An electroacoustic transducer corresponding to the aforesaid embodiment described in the first paragraph and a membrane corresponding to the aforesaid embodiment described in the second paragraph are known, for example, from U.S. Pat. No. 6,038,327 A. In the solution known from the above-referenced patent, the pleats provided in the pleats area have an identical design throughout the pleats area, ie the same mechanical design conditions always recur continually. In other words, this means that all pleats are in conformity with each other with regard to the pleat parameters and in the known solution have the same pleat dimensions (length, breadth, depth) and the same pleat cross-sectional shape, namely essentially a V-shaped pleat cross-sectional shape and the same pleat pattern, namely a rectilinear pleat pattern, and the same pleat location in relation to the membrane axis, namely an almost tangential pleat location. With the known transducer, unfortunately, there is the problem that interference effects on the membrane—which could be caused, for example, due to the fact that non-uniform attaching conditions occur when the membrane is attached to the transducer housing, for example due to non-uniform adhesive distribution—at certain frequencies could result in unwanted oscillations in the membrane with the result that the oscillating part of the membrane for the generation of sound is no longer oscillated sufficiently precisely parallel to the membrane axis but an unwanted disruptive movement occurs, generally involving an essentially slewing motion around a swivel axis transverse to and sometimes even exactly perpendicular to the transducer axis, the result of which is that the oscillator coil connected to the membrane does not perform the required movement precisely parallel to the membrane axis, but a movement deviating from this required movement which may have the result that the oscillator coil unfortunately strike parts of the known transducer's magnet system which is closely adjacent to the oscillator coil. In the known transducer, the occurrence of this kind of unwanted disruptive movement may be prevented by feeding less electrical energy to the oscillator coil, but this in turn has the drawback that the acoustic energy achievable with the transducer can only be relatively low, so that only a relatively low and in many applications—for example in so-called speakerphones—unsatisfactory sound reproduction may be achieved.

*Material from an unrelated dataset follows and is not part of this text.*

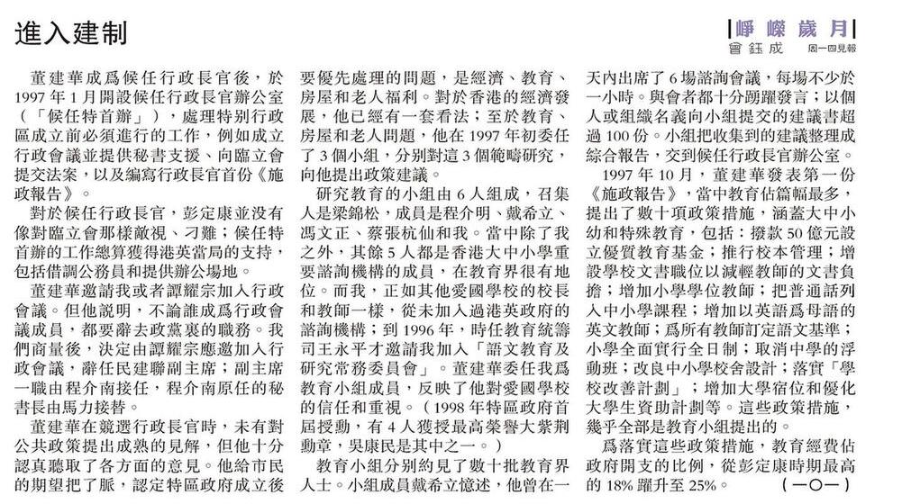 為落實這些政策措施,教育經費佔政府開支的比例,從彭定康時期最高的18% 躍升至25%。 (一〇一)

It is the object of the invention to remove the aforesaid problems and develop an improved transducer and an improved membrane.

To achieve the aforesaid object, an electroacoustic transducer is provided with features according to the invention so that an electroacoustic transducer according to the invention may be characterized in the way described below, namely:

An electroacoustic transducer with a membrane, with the membrane has a membrane axis and a ring-shaped pleats area, with the pleats area being provided with a multitude of pleats, with diametrically opposed pleats being embodied differently with regard to a least one of the pleat parameters.

To achieve the aforesaid object, in addition a membrane is provided with features according to the invention so that a membrane according to the invention may be characterized in the way described below, namely:

A membrane for an electroacoustic transducer, with the membrane having a membrane axis and a ring-shaped pleats area, with a multitude of pleats being provided in the pleats area, with diametrically opposed pleats being embodied differently with regard to at least one of the pleat parameters.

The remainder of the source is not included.